Following on the heels the release of the beta, we solicited a few of the other lead developers for advice on how to run a DCC RPG game in the spirit of Appendix N. Michael Curtis
is the award-winning author of Dungeon Alphabet and author of an upcoming DCC adventure. Doug Kovacs'
artwork has graced the pages of dozens of RPGs, and his paintings and maps established the tone of the DCC RPG. Together, Michael and Doug participated in dozens of playtests, hammering out the rules in preparation for the beta release.
Doug Kovacs offered up four recommendations:
1. In order to write you should read. Keep reading classic fantasy and sci-fi. Reread what you have read, or read what you've missed.
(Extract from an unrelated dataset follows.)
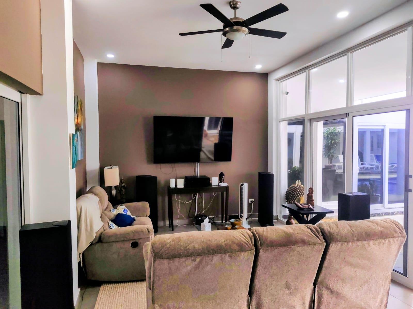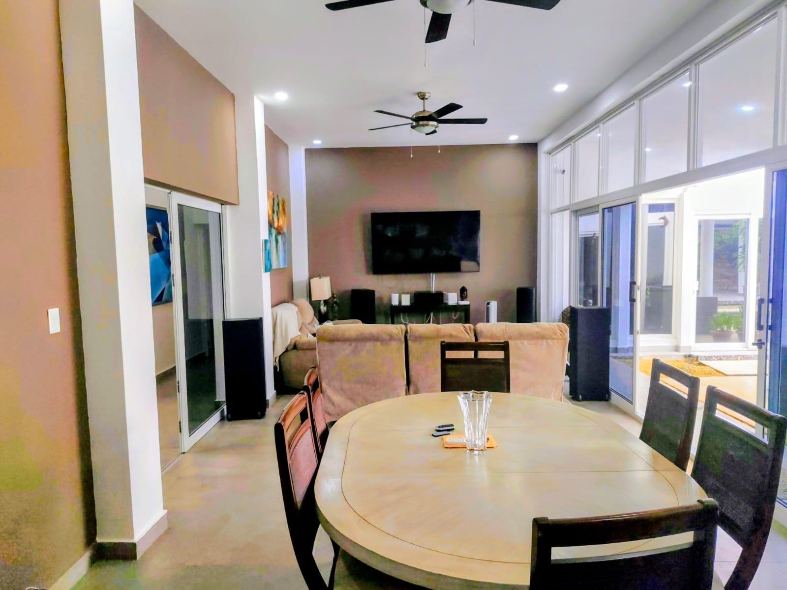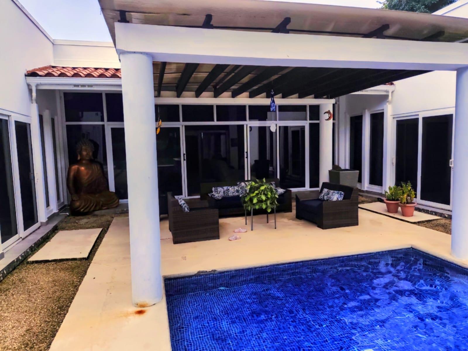 Beautiful residence located in the Coronado Golf Club, with 1,250 square meters of land, with the possibility of purchasing another adjacent 1,250 square meter lot: It consists of 4 bedrooms, the master bedroom with a walk-in closet and bathroom, 3 secondary bedrooms, each with its own private bathroom and walk-in closet, a bathroom and a maid's bathroom. Two storage rooms, one inside and one outside. Enclosed laundry room, an inside and outside storage room, many open areas, and an outdoor terrace and BBQ area. Power generator. Large spaces. Indoor dining room, with a recently remodeled kitchen, and laundry room. Spectacular outdoor terrace with dining and outdoor living room. BBQ area, pool with water heater and whirlpool jacuzzi, children's area, and trees and ornamental plants for the enjoyment of the area with your family. Beautiful skylights. 3 covered parking spaces and several additional spaces. Wooden security doors. The spacious living space provides light and fresh air throughout the residence. Air conditioning and ceiling fans are included. Possible access to the Golf Club, Beach Club, and Club Coronado facilities, and the option to purchase a golf club share for golf enthusiasts. This is a perfect residence for a large family. It's lush with greenery, well-maintained, and offers plenty of space to enjoy the outdoors without the hustle and bustle of other areas. It's private, fenced, and has all the amenities within. Access to the beach is a 10-minute drive. Access to the Golf Club is a 5-minute walk. Access to major supermarkets, restaurants, shops, and public and private services is also available.

I personally never get tired of going back to Lovecraft or Tolkien and there is still plenty of stuff I haven't studied yet in appendix N. Any kind of mythology is good source material as well.
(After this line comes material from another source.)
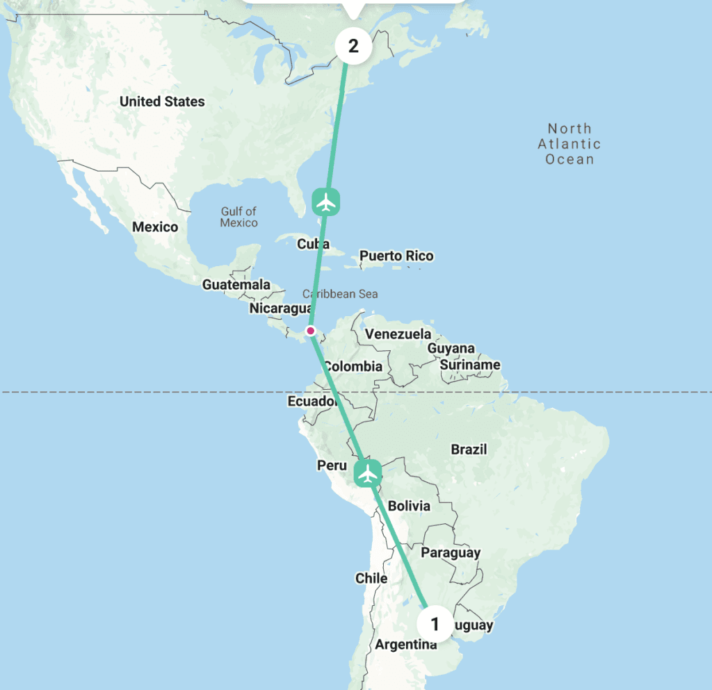 Since 2009, Vanesa Garcia has traveled from her native town of Santa Fe in Argentina to lac St-Jean in Roberval, Québec, Canada. Her travel is 8,978 km in a straight line, but getting to lac St-Jean to compete in the annual 32 km Traversée internationale du lac St-Jean requires all kinds of modes of transportation along the way.

2. Look at still art for ideas. Moving pictures seduce us all but illustration allows us to think our own thoughts in a way they quick cuts and forced emotion never will. Look at all the old RPG art that got you into gaming in the first place and then think a little more about it. Cool inspiration can also come from even older sources: check out Bruegul, Bosch, and Durer. Come to think of it, if you look at those last three guys, its also ok if you watch Ingmar Bergman's Seventh Seal.
3. You absolutely must listen to Rush, Jethro Tull, Black Sabbath and Hawkwind. You can listen to Priest and Maiden too if you want.
4. When running a game the main thing to avoid is coming anywhere near boring your players. If the game slows, make something happen even if it's not part of the script. There's no way a DM can predict everything that will happen in a game and like any good story you want some surprises. A DM should always have an answer to the PC's questions, but when they can be arbitrary try to make them engaging and not seem banal. Tell the players the door is made of dark wood with rusty hinges as if it really mattered. Maybe it will. Remember the sense of smell, and tactile sensations. Experienced players can add a lot to your game so let them add as much as they can and they will enjoy the game that much more. I've often asked my players for a name of a tavern or a NPC in a pinch. You'll find players remember names much more easily when they have given them to you.
For more inspiration and art visit dougkovacs.com
Michael Curtis shared the following thoughts:
What sums up the stories that DCC seeks to emulate most to me is ‘ambiguity,’ especially that of a moral sense. Looking back over the tales from the pulp era and into the late 1960s and early 1970s, one sees that there is seldom a sense of black and white morality, or good and evil at work in these stories. Everything is painted in varying shades of gray. From wide streaks of larceny in such heroes as Fahfrd, the Gray Mouser, Cugel, and Conan, to the outright anti-hero status of Elric, nobody wears a white hat and it’s only when the welfare of others coincides with the good of our antagonist that we ever seem to see “selfless” gestures occurring.
Even the characters that the heroes in these tales interact with have their own hidden agendas and motivations, ones that the heroes only learn about when they find themselves betrayed by these same individuals. Treachery is rife in these tales and it should also be common (but not so common as to make the players always expect it) in your own adventures.
A judge setting out to start a DCC campaign should have read at least six to a dozen titles from Appendix N, enough to identify the common elements that connect these tales as being of the same genre. In addition, the would-be judge could do a lot worse than attain a little familiarity with film noir and hardboiled detective stories. The ambiguity of morality that occurs in these stories is very similar to that in pulp fantasy. It doesn’t take much to imagine the events of a Raymond Chandler tale occurring to Leiber’s Twain or picture Phillip Marlowe on the case in Lankhmar. There is a lot to be mined there, much of which is not only useful, but you can be sure it will be unexpected by those players who restrict themselves solely to fantasy fiction.